Answer	The following recurrence is obvious, by considering what happens at the root: T(n) = 16 T(n/17) + 1, T(1) = 1. By the master theorem, the solution is Theta(n^a), where a = log(base 17) 16. To exhibit all the required nodes, do a preorder traversal, avoiding all youngest children (and thus, their subtrees).
Question 8	Hashing. We are given an array A of size n with records of shipments. Shipment number i (the shipments are numbered from 1 to n) has the following fields: weight[i]: the weight in tons of a shipment; descr[i]: the description of the contents of a shipment; address[i]: the address for the shipment; invoice[i]: a 9-digit invoice number; sender[i]: the name of the sender. There is room for more fields. We wish to implement hashing with chaining in order to perform the operations delete (a shipment given by shipment number) in O(1) worst-case time, and search (for an invoice number) in O(1) expected time (assuming a good hash function). Describe the data structure in detail---define all arrays, tables, and fields, and give the size of each table (if any). A drawing is necessary.

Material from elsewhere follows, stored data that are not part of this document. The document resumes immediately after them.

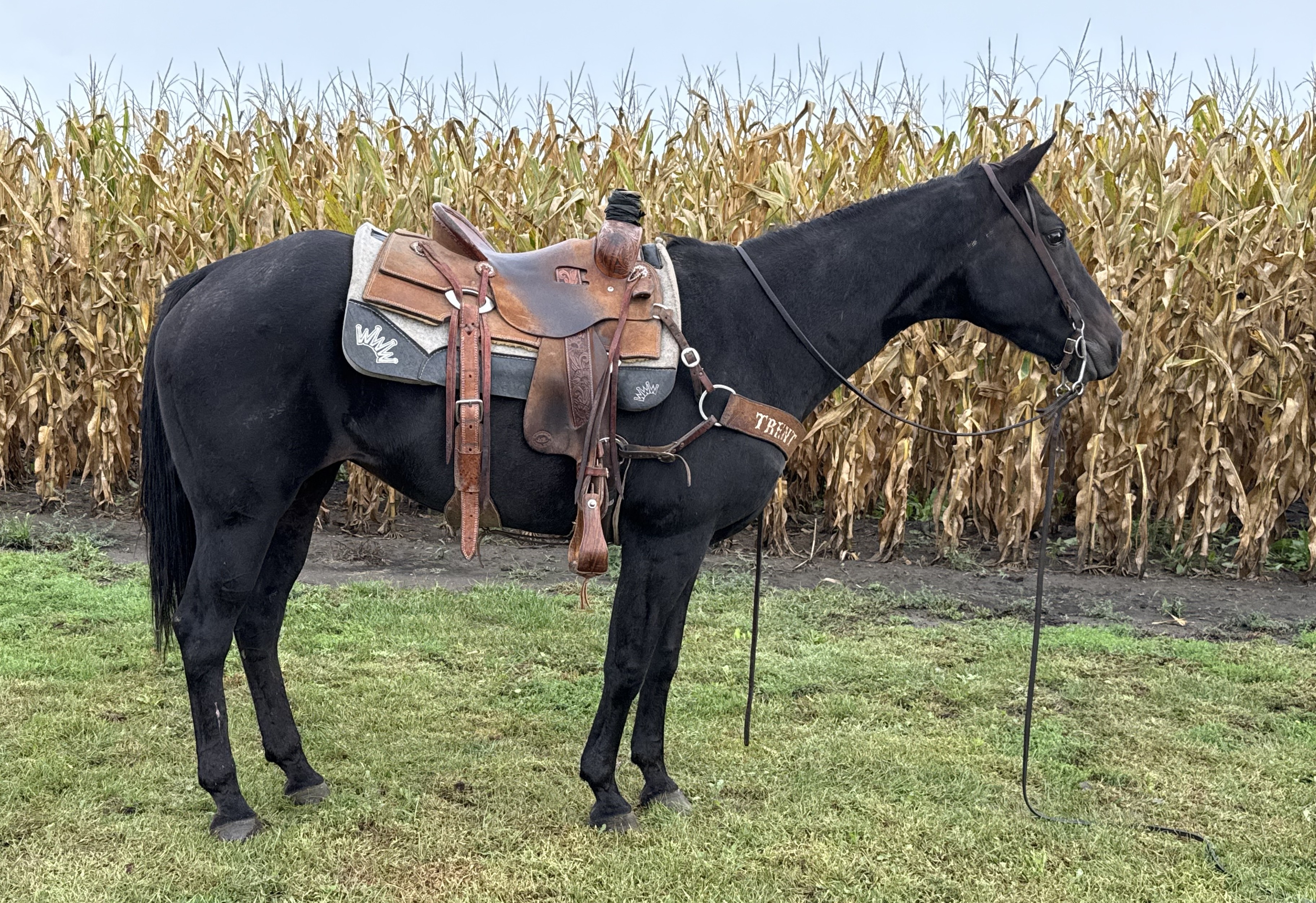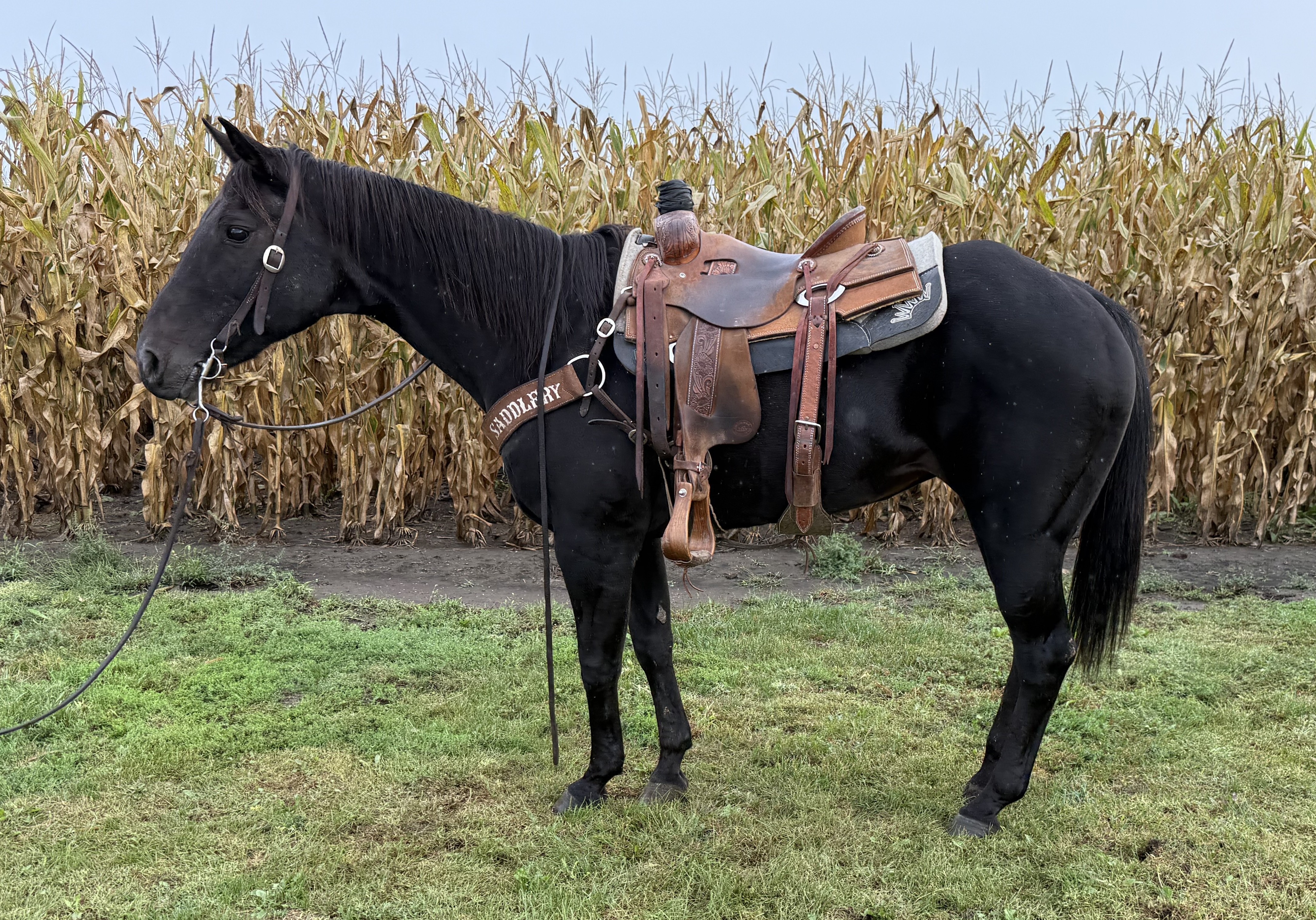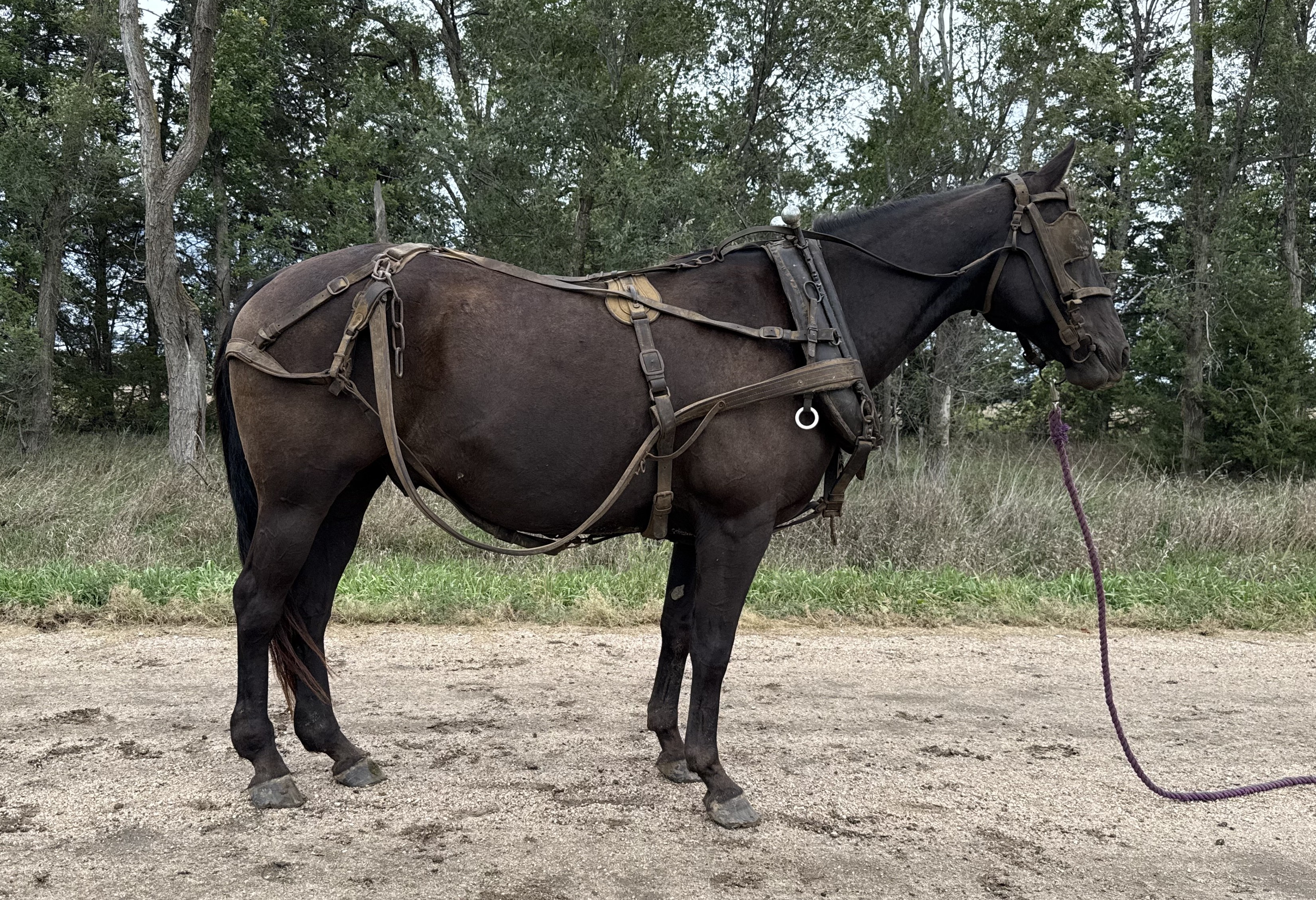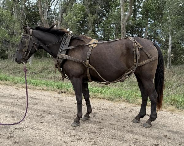| HIP# 124 Seal Brown Friesian X Percheron Filly ![]() "Nirvana" - Weanling Seal Brown 1/4 Friesian X 3/4 Percheron Filly. She was born June 6, 2025. Beautiful, eye catching filly! Would make a great riding or driving horse. Microchipped, wormed, vaccinat ... | HIP# 125 Black Friesian X Percheron Filly ![]() "Nicolette" - Weanling Black 1/4 Friesian X 3/4 Percheron Filly. She was born on May 13, 2025. Fancy, sharp filly! Would make a great riding or driving horse. Microchipped, wormed, vaccinated for flu, ... | HIP# 126 & 127 Team of Black Percheron Geldings ![]() ![]() "Ben & Dan" - Team of 5 yr. old Black Percheron Geldings, broke to ride & drive.
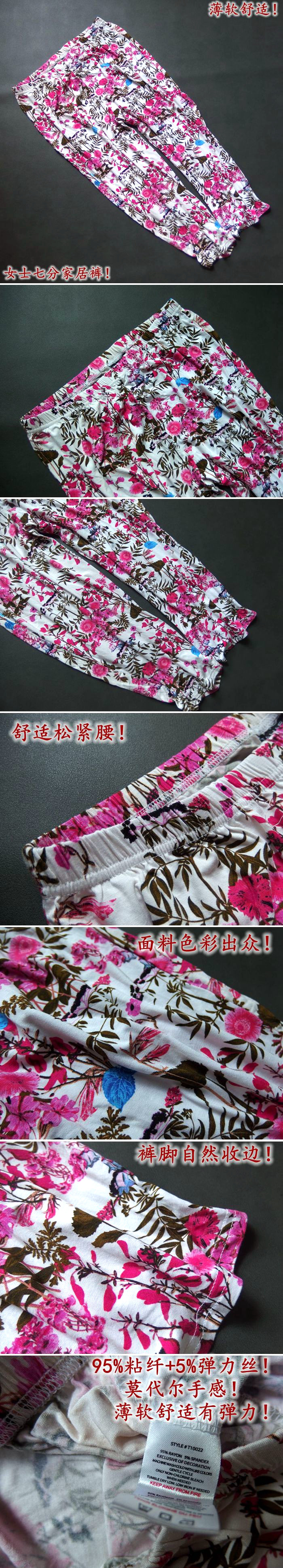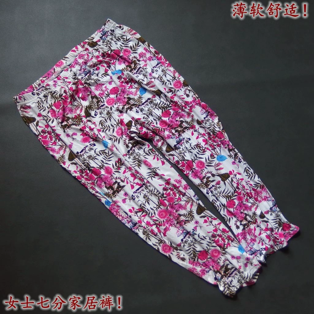 女士夏季舒适薄款莫代尔人棉宽松加肥防蚊七八分家居睡裤外贸原单
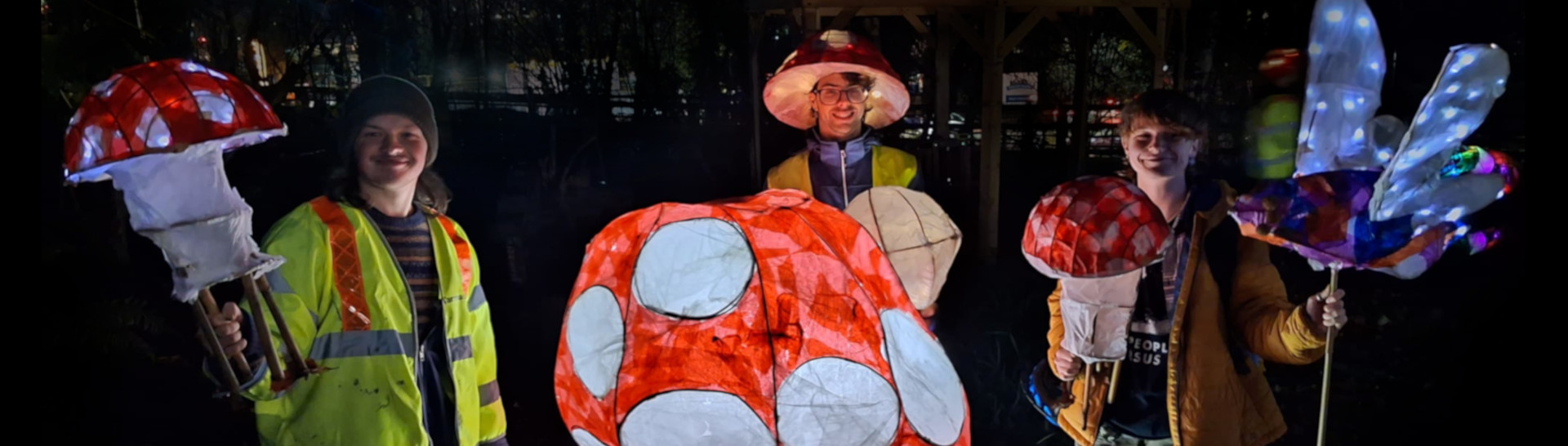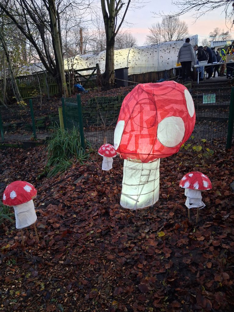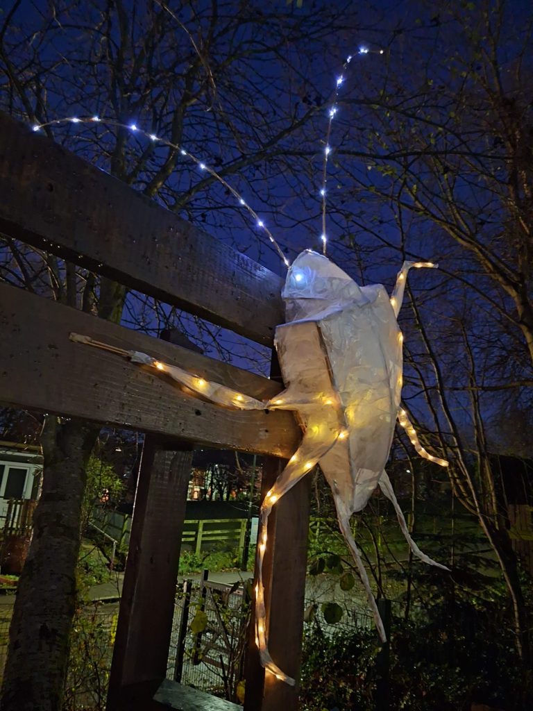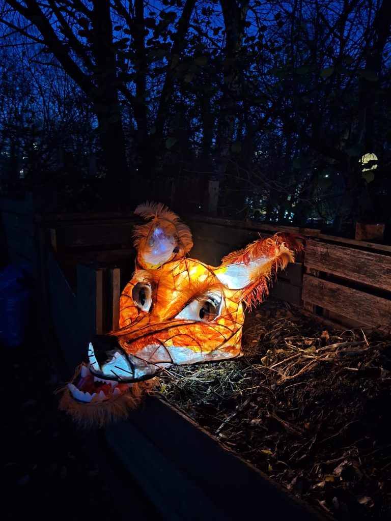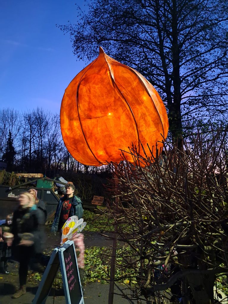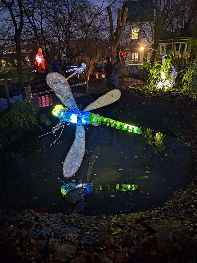 A collaboration with fellow artist, Jo Veal and Emma at Conder at Heeley City Farm to create a fairly low-key and chilled, illuminated evening, with a tour around their wildlife garden on an evening in early December. To run a couple of lantern-making workshops with the young volunteers (aged 16-24) at the farm, who had been working hard developing a new garden area with a pond.
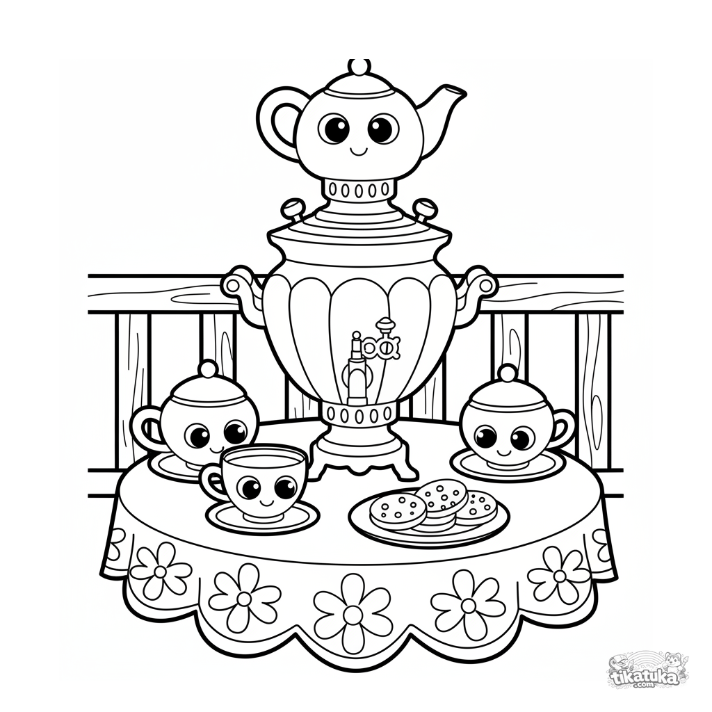 Very simple coloring page for toddlers 2-3: a samovar and tea set on a veranda table. Large clear shapes, low detail, cozy still life.
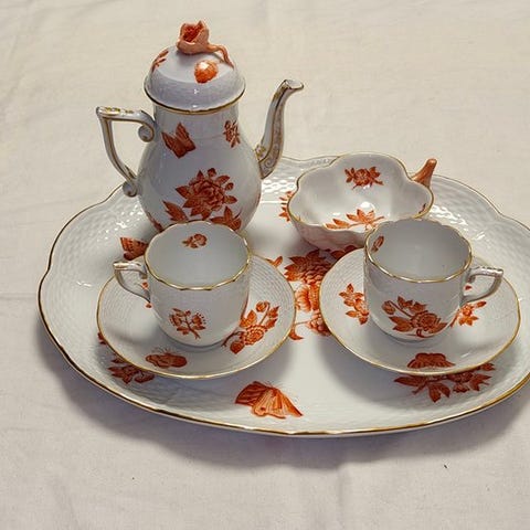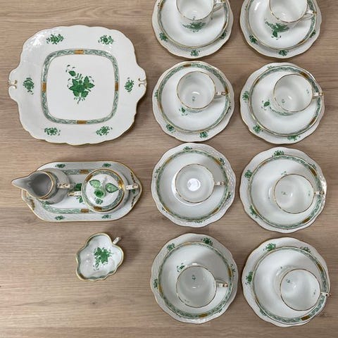 Et serveringsfad til kage eller frugt med en dekoration kendt som Chinese Bouquet, skabt for grev Albert Apponyi, en berømt ungarsk politiker og diplomat fra slutningen af 1800-tallet. Tegningen forestiller en kurv med stiliserede indiske blomster, malet helt i fri hånd af Herends mestermalere. i fremragende stand.
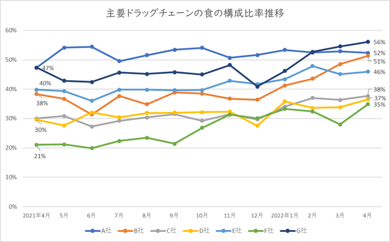 以下にレシーカ※で21年4月以降のドラッグストアチェーンの動きをみてみました。直近の数字と21年4月の数字を比較した際に5ポイント以上、食の構成比を上げた企業が7社ありましたが、そのうち5社は21年4月時点では食の構成比は40%以下にとどまっており、この1年で食ジャンルを着実に拡大してきたことが伺われます。ドラッグストア業界では食ジャンルは集客装置の一つとして、もはや不可欠な要素となってきており、コロナ禍による追い風を受けて、食ジャンルを拡張する動きはさらに加速する傾向にあります。食ジャンルの中では配送体制の課題からドラッグストア業態が苦手としてきた中食・惣菜ジャンルの取り扱いを開始・拡大する企業も出てきています。利用客数減で業績悪化していた都心部店舗では中食・惣菜ジャンルは利用機会を引き出す上での効果もあり、今後の動きは要注目です。
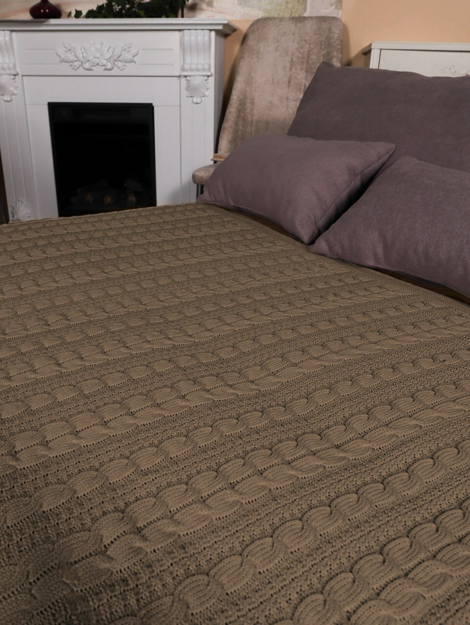 Отзывы на Плед 220х240, вязаный, Warm Whiff, темно-бежевый, хлопок 100%, покрывало на кровать, на диван, на кресло, большой, тонкий, в подарочной коробке
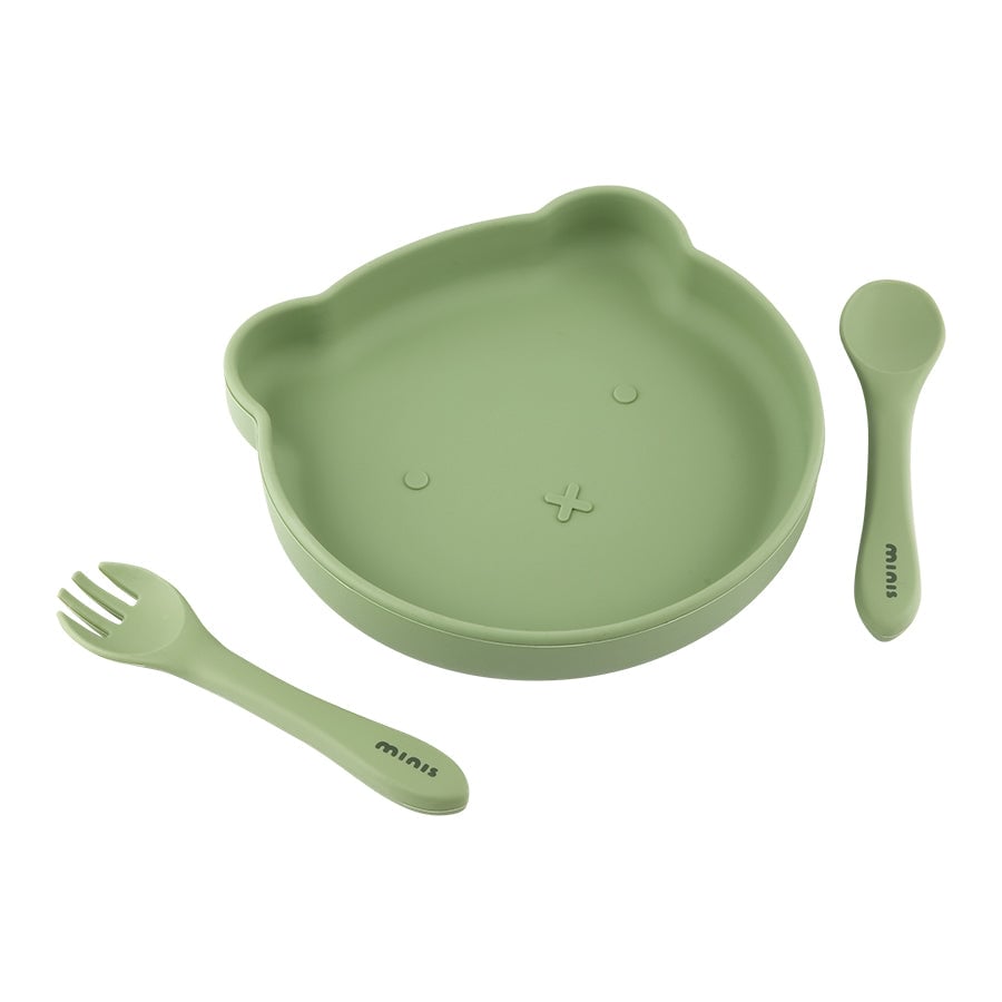 Minis BABYSERVISET TALLERKEN OG BESTIKK GRØNN SILIKON

Answer	One possibility is to use direct addressing, building on the given arrays. However, to locate by invoice number, we make a second table, also of size n, with a hash function based on the invoice number only (!!!), in which we employ chaining. One might use something like: h(invoicenumber) = invoicenumber mod n. Thinking about this, we see that each node requires a next[.] field, pointing to the next node in the same chain. To perform delete in O(1) time, the chains must be double-linked, and we introduce an additional pointer previous[.]. So, here is the proposal: Data: array of size n with fields: weight[i] descr[i] address[i] invoice[i] sender[i] next[i]: next in chain previous[i]: previous in chain Additional hash table H of size n, consisting of n pointers to headers of chains, so search can be done in the chain with first element H[h(invoicenumber)]. Search thus takes O(1) expected time. A note about deletions: Deletion of a non-header element clearly takes O(1) worst-case time, thanks to the double linking. If we delete a shipment j, where j is the header of a list (recognizable when previous[j]=NIL), then there is a new header (pointed to by next[j]), say i. We must update H as follows: H[h(invoice[j])]=i. This is a very tricky point indeed!